REPUBLICANS AND THEIR SLOGANS….Atrios wonders if I was being coy when I asked pro-war hawks to explain what they mean when they say we need to do “whatever it takes” to win in Iraq. Answer: sort of. Mostly, though, I was trying to make the point that although Democrats get routinely skewered for “not having a plan,” neither do Republicans. But nobody ever calls them on it.
Take Fred Hiatt’s apparent attempt to mimic the slashing prose style of the late lamented Ben Domenech in the Washington Post today. Writing about “Real Security,” the recently released Democratic national security plan, he starts out like this:
You can look at the Democrats’ national security plan, released last week, as simply a political shield, akin to the upgraded body armor they promise for U.S. troops.
….”Real Security”….is an amulet for 2006 candidates: You see? We have a plan. We Democrats will buy more weaponry than the Bush administration, sign up more troops, give more to veterans, inspect more shipping containers.
I guess that’s what passes for cute these days, and it takes three paragraphs of this snide drollery before Hiatt confesses that there is another way to look at the document, namely as a serious policy statement. But he’s no happier with that perspective:
President Bush believes that the United States “is in the early years of a long struggle”….the United States must first and foremost offer better values, promoting democracy and opposing tyranny. It must be ready to take the fight to the enemy….must seek to ease the poverty that breeds hopelessness.
This is a mug’s game.
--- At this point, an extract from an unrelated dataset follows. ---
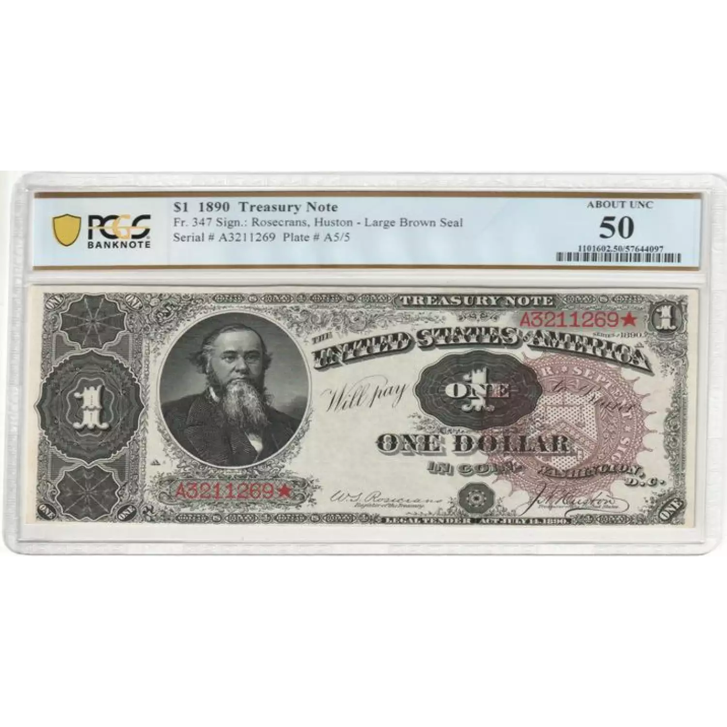 1890 $1 Treasury Note fr. 347 - PCGS 50
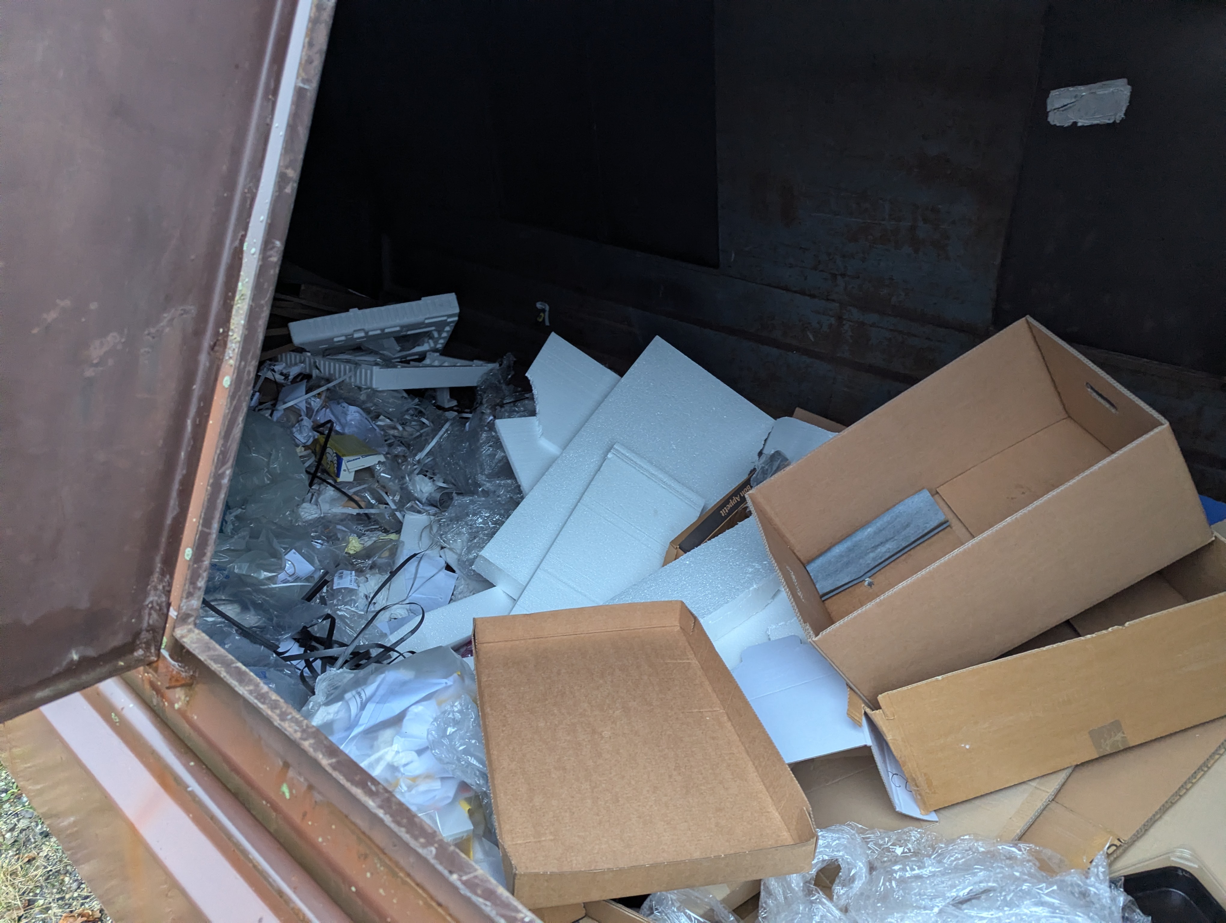 1058. Renoverson container sælges med div. Indhold af pap m.m.

Hiatt is unhappy that the Democratic plan actually focuses on achievable goals instead of slogans like these, despite the fact that he all but admits that these slogans are pretty empty in Republican hands. But if it were the other way around, he’d complain that the plan lacked details to back up its fancy words.
But why give Republicans a free pass? Where’s their plan? What I’ve seen is a National Security Strategy that’s full of windy phrases that plainly don’t match the administration’s actual intentions, and a Quadrennial Defense Review that pretends to be concerned with terrorism but devotes virtually all of its real resources to the same old platforms designed to fight the same old Cold War enemies. Why is that considered “serious”?
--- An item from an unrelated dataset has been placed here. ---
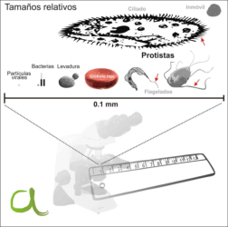 Las bacterias son procariotas; las algas, hongos y protozoos,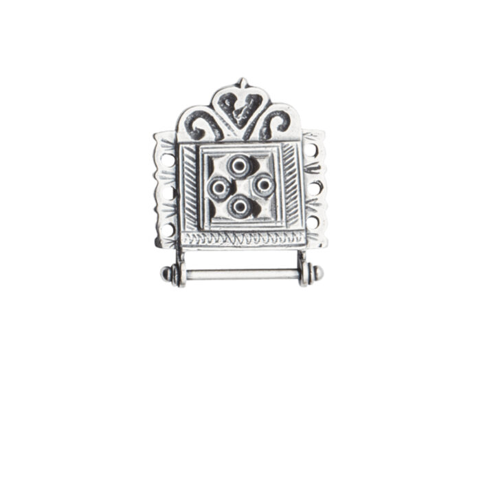 Beltestøl med ringlauv i oksidert sølv. Den er spesielt laget til rekonstruert romsdalsbunad,  og er utformet etter gamle funn.

It’s time to end the double standard. President Bush gives stirring speeches, but his actions indicate rather plainly that his administration isn’t really driven by concern for democracy, global poverty, nuclear nonproliferation, port security, foreign oil dependence, or public diplomacy. As for Iraq, it’s obvious he doesn’t have a clue what to do.
So aside from slogans, what’s the Republican plan? Guys like Hiatt ought to be asking.